Scott LaGreca, left, curator of the Plant Pathology Herbarium, examines lichens retrieved from upper tree limbs by Nathaniel Farrington of Cornell Outdoor Education.

Biodiversity is not just a feature of the Amazon rainforest or other exotic locales. Hidden multitudes of species inhabit the Ithaca region, as participants in the inaugural School of Integrative Plant Science (SIPS) BioBlitz discovered Sept 8-9.

A dozen teams tallied 1,250 species of higher organisms and more than 23,000 microbes during the 24-hour event to document as many species as possible. Held on the grounds of the Cayuga Nature Center (CNC) and Smith Woods, the event was the first in the region. The series started in 1996 in Washington, D.C., and has since spread around the world.

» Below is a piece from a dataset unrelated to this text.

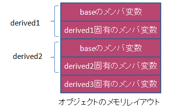 class base { int a; }; class derived1 : public base { ... }; class derived2 : public base { ... }; class derived3 : public derived1, public derived2 { ... };このように作成されたderived3クラスのメモリレイアウトは以下のようになり、baseクラスのメンバが重複して含まれます。baseクラスのメンバ a にアクセスしようとしたときには、先の重複したメンバ名と同一のあいまいさが発生します。この場合には、derived1::a, derived2::a のようにスコープ解決演算子を使って、あいまいさを解消する必要があります。
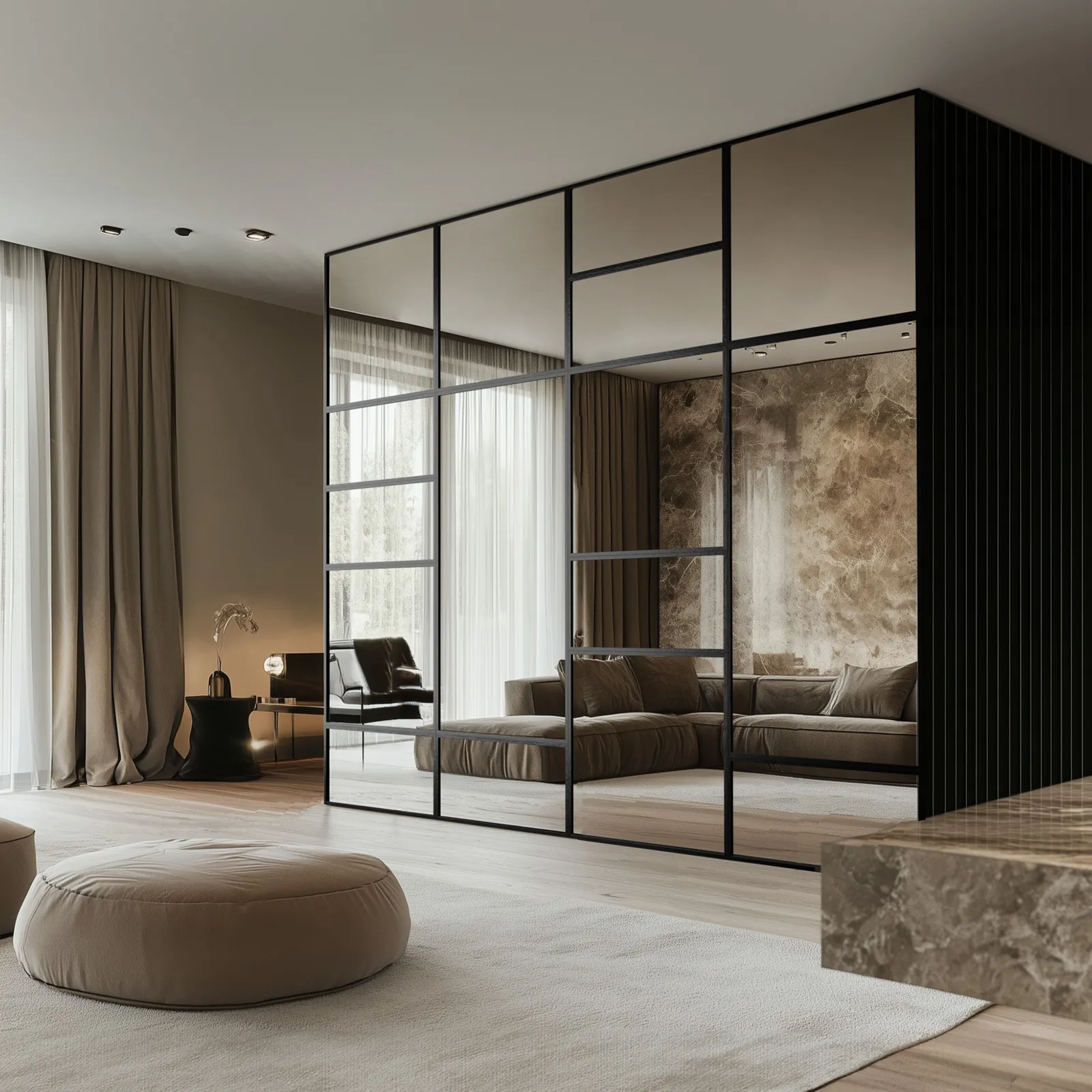 • wyjątkowy efekt wizualny – odbijające światło lustra optycznie powiększają przestrzeń i dodają jej lekkości,

The 2017 SIPS BioBlitz opened Sept. 8 with remarks by Chief Samuel George of the Cayuga Nation Bear Clan; Warren Allmon, director of the Paleontological Research Institution; and Kathryn J. Boor '80, the Ronald P. Lynch Dean of the College of Agriculture and Life Sciences.

“At Cornell, it’s part of our jobs to be curious – which means I have one of the best jobs around,” Boor told participants at the launch of the event. “Like you, I’m inspired by what I can discover in the world around me, how to collect data and then share it with others.”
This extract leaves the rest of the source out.